上から一条の閃光が迸ったかと思うと、雷撃が落とされた。
直撃すれば、間違いなく死。間一髪だった。
粉塵が上がり、一時的に視界が制限される。
「待ちくたびれたぞ──」
混乱の最中、前方から声──。
ようやく視界が開けると、先ほどまで空だった玉座に何者かが座っていた。
「魔王……っ!」
誰だ──と問うまでもなく、僕はその者の正体が分かった。
「ほお? 分かるか。この姿で貴様と会うのは、初めてのはずだがな」
「分かるよ。だって僕達は、何度も意思を交わらせてきた」
「意思を交わせてきた──か。確かにそうだ。貴様の思念は妾が目覚めるための、よき栄養となった。感謝するぞ」
肘掛けに肘を置き、魔王は愉快そうに口角を吊り上げる。
魔王は妖艶な女性の姿をしていた。
身に纏っている真っ黒なマントは、彼女の邪悪な存在感を際立たせている。
その深い色をした相貌は鋭く、冷酷な光を宿していた。
「随分と手荒い挨拶じゃないか」
「王子の前で不遜なヤツだ。魔王は礼儀も知らないのか?」
僕とヴィンスは交互に、そう挑発する。
しかし魔王は「ふっ」と笑いを零して、
「不遜……だと? おかしなことを言う。妾は魔族の王であるぞ? たかが人間の──しかも一国の王子に頭を垂れる道理はない」
と見下すように言った。
「それにしても……なにを考えている。わざわざ律儀に僕達が来るのを待っていたということかな?」
「そう殺気を滾らせるな。妾とて、完全に目覚めたのはつい先ほどなのだ。それに──妾の本当の目的は人間の虐殺ではない」
そう言って、魔王は玉座から腰を上げる。
右手をかざすと、そこには剣が召喚された。
邪悪な魔王には似つかわしくない平凡な剣──という印象を受ける。
「確かめたかった。
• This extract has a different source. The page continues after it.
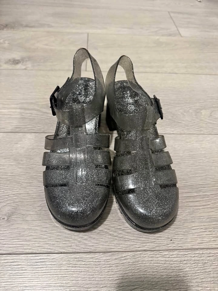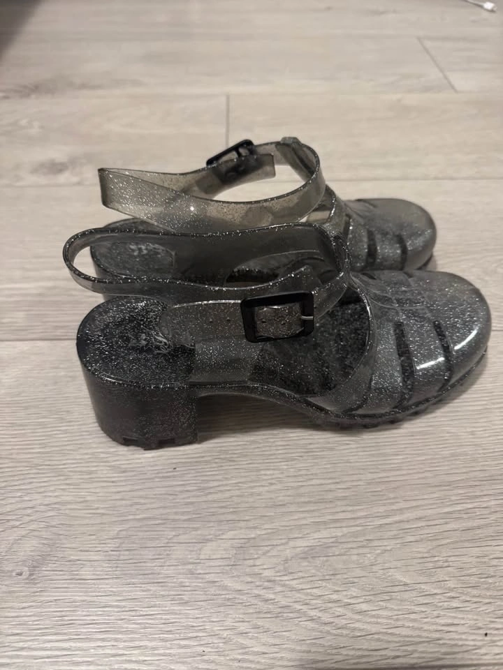 Buy & SellGlittery Jelly Sandals Size 39Glittery Jelly Sandals Size 39$25Sparkly Gaclo jelly sandals size 39. These are super cute, with a little block heel. Glittery black/dark gray color.WHERE TO MEETCheck LocationView MapSELLERShadiTrafalgar100 reviews0 chats·0 favorites·1 viewsSEND CHAT TO SELLERHi Shadi! I’m interested in your listing.Hi Shadi! I’m interested in your listing.Get the Karrot app to chatSign In to chat

真の王が誰なのか──を」
「真の王だって?」
突然魔王が言い出したことに、僕は戸惑いを覚えた。
「そうだ。封印が完全に解かれた状態ではなかったとはいえ、妾は一度貴様に敗北を喫した。認めたくはないが、貴様にも王である資格はあるということだ。貴様の力を一度この身で感じ、どちらがこの世界の王としてふさわしいのかを決めたかった。それが──真の王だ」
と魔王は僕達に剣先を突きつけた。
彼女から放たれる濃密な邪気に、知らず知らずのうちに体がすくんでしまっていた。
「なに、そこまで時間は取らせぬ。何故なら、たった一手で分かるのだからな」
「……っ! 来るぞ!」
ヴィンスが声を発すると同時、魔王の姿が目の前から消失する。
そして僕の懐に入り込み、剣を振るう──だが、当然僕もいつでも戦える構えはしていたので、彼の剣を受け止めた。
ヴィンスと共に、すぐに反撃する。
しかし魔王はいとも容易く、僕達の攻撃を防いだ。
「…………」
先ほどの刹那の攻防で、魔王はなにかを悟ったかのように呟く。
「つまらぬ。聖女がいなければ、この程度か」
そう言って──魔王は剣を持つ方とは逆の手を伸ばし、僕の首を掴んだ。
すぐにその場から逃れようとするが、彼女の力は強く、ろくに身動きも取れない。
「ナイジェル!」
ヴィンスが剣を振り上げ、駆ける。
魔王は彼を一瞥すらせず、僕にだけ視線を注いでいた。
ヴィンスの強烈な一撃が、魔王に放たれる。だがこの期に及んでも、魔王は余裕を崩さないどころか──。
「ぐっ……剣が……!」
避ける動作すら見せず、魔王は攻撃をその身で受け止めていた。
確かに当たったヴィンスの剣が──根本からポッキリと折れる。
「鬱陶しい虫どもだ」
そう言って、魔王は乱暴に僕を放り投げた。
体の制御が効かない僕は、ヴィンスに直撃。そのまま無惨にも、二人とも床に転がってしまう。
「期待外れだ。もう少し、マシかと思っていたが」
魔王が僕達に手をかざす。魔力が奔流した。
「聖女を待つまでもない。もういい──せめて、妾の手で貴様らの命を終わらせよう」
魔王の手の平に集まっていく魔力が、さらに強いものとなっていく。
逃げ場はない──。
掠っただけでも、それは僕らの命を刈り取るのに十分な威力だろう。
攻撃が僕達に向けて放たれ──
「──ナイジェルっ!」
──しかし。
衝撃は訪れなかった。
魔王から放たれた魔法は、僕達の目の前でなにかにぶつかったかのように消滅。
衝撃波で暴風が巻き起こり、反射的に腕で目を覆う。
そして腕をどけ、声のした方へ視線を向けると。
「エリアーヌ!」
「すみません、遅くなりました」
僕の大好きな人。
エリアーヌが扉の前に立っていた。